Not this time though.

This time it was different. Each prayed bead was not an act of thanksgiving but an act of supplication. Appealing to God was the only natural thing to do in this unnatural situation. He never felt at ease in hospitals. Especially not today, nor on the day his mother passed. Despite his efforts, he would constantly have to restart prayers. The beeping machines keeping her alive were distracting. He would lose count and pray extra Hail Marys to compensate for any he passed over. Doing 70 or 100 Hail Marys seemed like a reasonable sacrifice anyway.

“Hail Mary, full of grace…” The last time he remembered fiddling so much with his fingers was in the summer of 72. Hands behind his back, head tilted down. Mrs. Ivana had put him on the spot in front of the whole class. More than twenty sixth-graders stared at his bewildered face, worthy of ridicule, as the teacher attempted to whip him into shape for a sin he had not committed. A compilation of libertine drawings on the blackboard attributed maliciously to him was enough to allot all the blame on him. Mrs. Ivana had had no pity, nor had asked questions. Wrath came down upon him, despite his innocence, to serve as an example to the class. He remembered at that time he had also prayed quietly whilst his hands got whipped.

Just like now.

His child had been knocked down by this malignity. There was no who, no how. There was only the suddenness with which he would, once again, have to suffer for something he did not do, “… as it was in the beginning, is now, and ever shall be, world without end. Amen.”
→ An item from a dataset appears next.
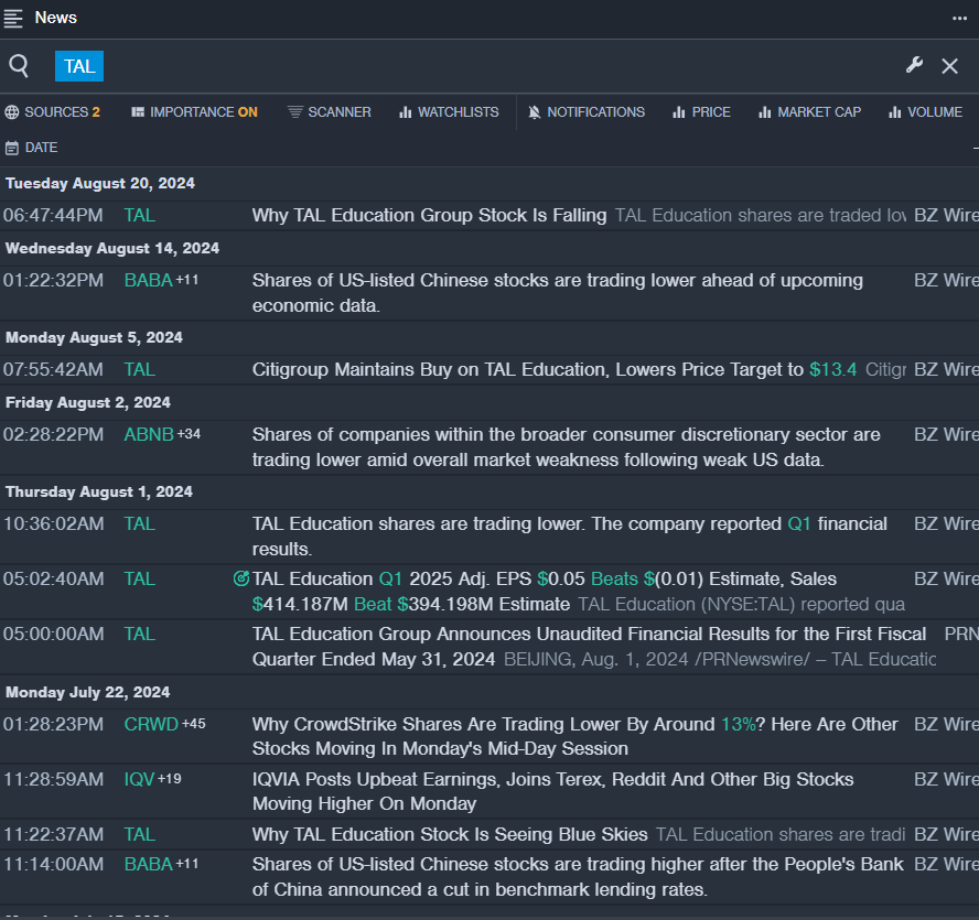 • TAL Price Action: The stock edged down slightly to $7.42 on Monday, a mere ripple in the grand scheme of TAL’s voyage.

Mary was also the name of his child. He believed that the choice had been because of how the sound made him reminisce about the ocean. Mary. Mar. Mer. He could see the foamy crash of the waves from the window of his beach house on both occasions when he held his wife tightly, comforting her, offering hope that they could try one more time. On their third attempt, their child survived. Frankly, whilst he asked Mary, the Holy Mary, to save his daughter from this illness, he was now aware that the rosary had been his main influence in the choice of her name.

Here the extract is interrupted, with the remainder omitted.